On Thu, Dec 16, 2021 at 10:47 PM Nir Soffer <nsoffer@redhat.com> wrote:
On Thu, Dec 16, 2021 at 10:14 PM Milan Zamazal <mzamazal@redhat.com> wrote:
>
> Hi,
>
> when I run Vdsm tests as a non-root user in vdsm-test-centos-8
> container, they systematically fail on several storage tests.  I run the
> tests as
>
>   podman run -it -v $HOME:$HOME --userns=keep-id vdsm-test-centos-8 $HOME/test.sh

Why do you need the --userns option?

You run this in a container because your development environment
is not compatible - right?

> where test.sh is
>
>   #!/bin/sh
>
>   export TRAVIS_CI=1

This is not correct for your local container - in travis we run a privileged container
as root and we create loop devices before the test.
 
>   cd .../vdsm
>   ./autogen.sh --system
>   make clean
>   make

I never run autogen and make during the tests, this can be done once
after checkout or when modifying the makefiles.

>   make lint
>   make tests

You are missing:

    make storage

Without this, a lot of tests will be skipped or xfailed.

>   make tests-storage
>
> The failing tests are in devicemapper_test.py, outofprocess_test.py and
> qemuimg_test.py.  I have also seen a test failure in nbd_test.py but not
> always.  Is it a problem of the tests or of my environment?

nbd_test.py should be skipped unless you run as root, or have running
supervdsm serving your user.

I usually run the storage tests like this locally on Fedora (35 now):

    make storage
    tox -e storage

Results:

storage/devicemapper_test.py - 5 pass, rest skip
storage/nbd_test.py - 2 pass, rest skip
storage/qemuimg_test.py - 2 skips 
storage/outofprocess_test.py - 3 skips, rest pass 

2350 passed, 161 skipped, 102 deselected, 3 xfailed, 13093 warnings in 134.80s (0:02:14) 
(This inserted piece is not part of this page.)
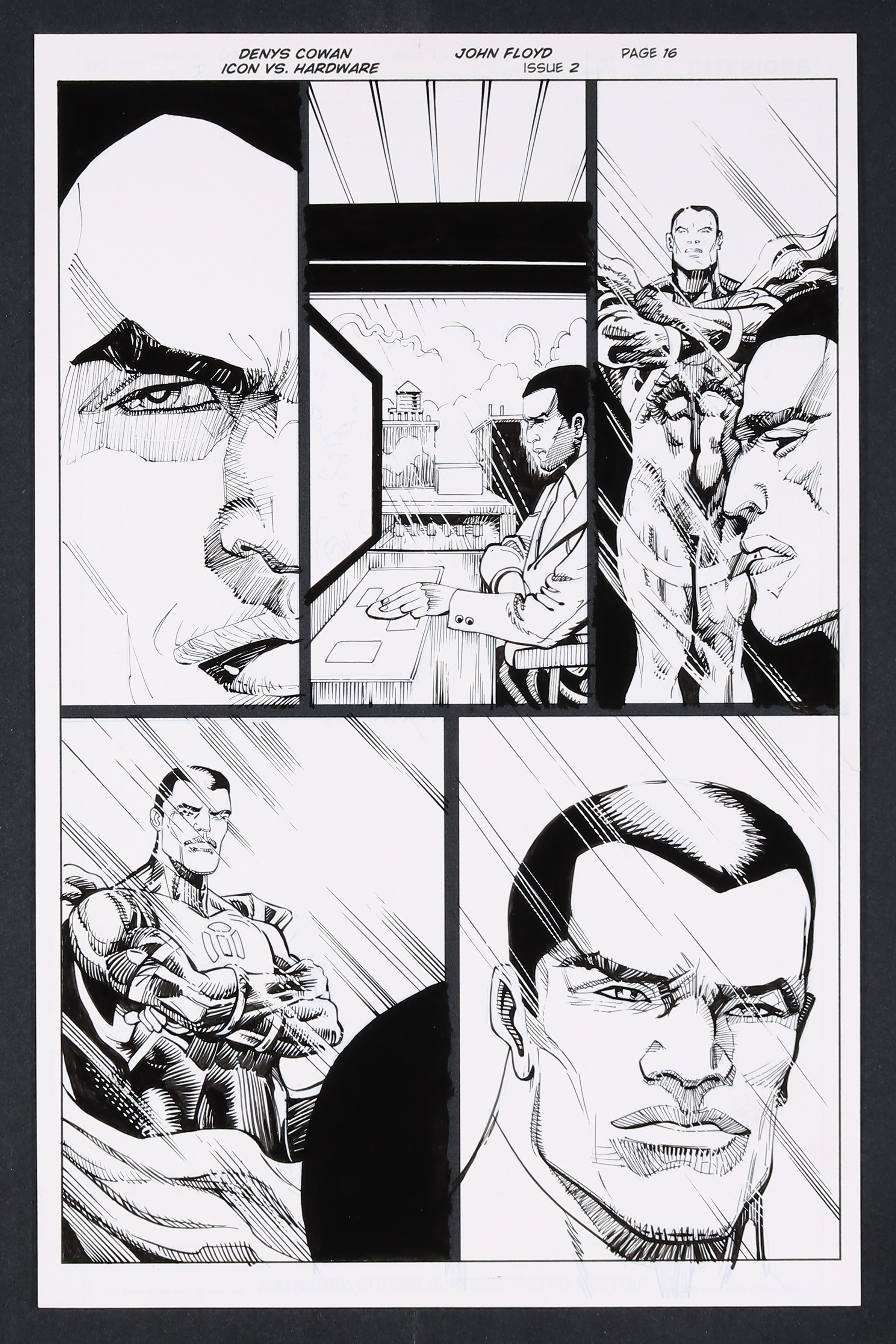 As Curtis Metcalf (Hardware) watches live footage of Icon stopping a war he helped start, he finds himself suddenly faced with the super-powered man himself! A tense page that marks the pair's meeting in this 'new' reality formed by Hardware's time-travelling. They're both heroes, surely they'll work out their differences with words, right? Ink over printed pencils on comic art board. 11" X 17".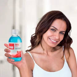 El enjuague PHB Total está indicado para la prevención eficaz de la caries, la placa y el control del mal aliento.

I'll try later using the container.


I tried this:

    podman run --rm -it -v `pwd`:/src:Z --userns=keep-id vdsm-test-centos-8
    cd src
    make tests-storage

Got 2 test failures:


============================================================= FAILURES ==============================================================
______________________________________________________ test_block_device_name _______________________________________________________

    def test_block_device_name():
        devs = glob.glob("/sys/block/*/dev")
        dev_name = os.path.basename(os.path.dirname(devs[0]))
        with open(devs[0], 'r') as f:
            major_minor = f.readline().rstrip()
>           assert devicemapper.device_name(major_minor) == dev_name
E           AssertionError: assert '7:1' == 'loop1'
E             - loop1
E             + 7:1

This likey failed since there are no loop devices in the container:

bash-4.4$ ls /dev/
console  core  fd  full  mqueue  null  ptmx  pts  random  shm  stderr  stdin  stdout  tty  urandom  zero

And there is no way to create them, since your run as regular user
and sudo does not work. Event if it works I think you will not be able
to create the loop devices since the container is not privileged.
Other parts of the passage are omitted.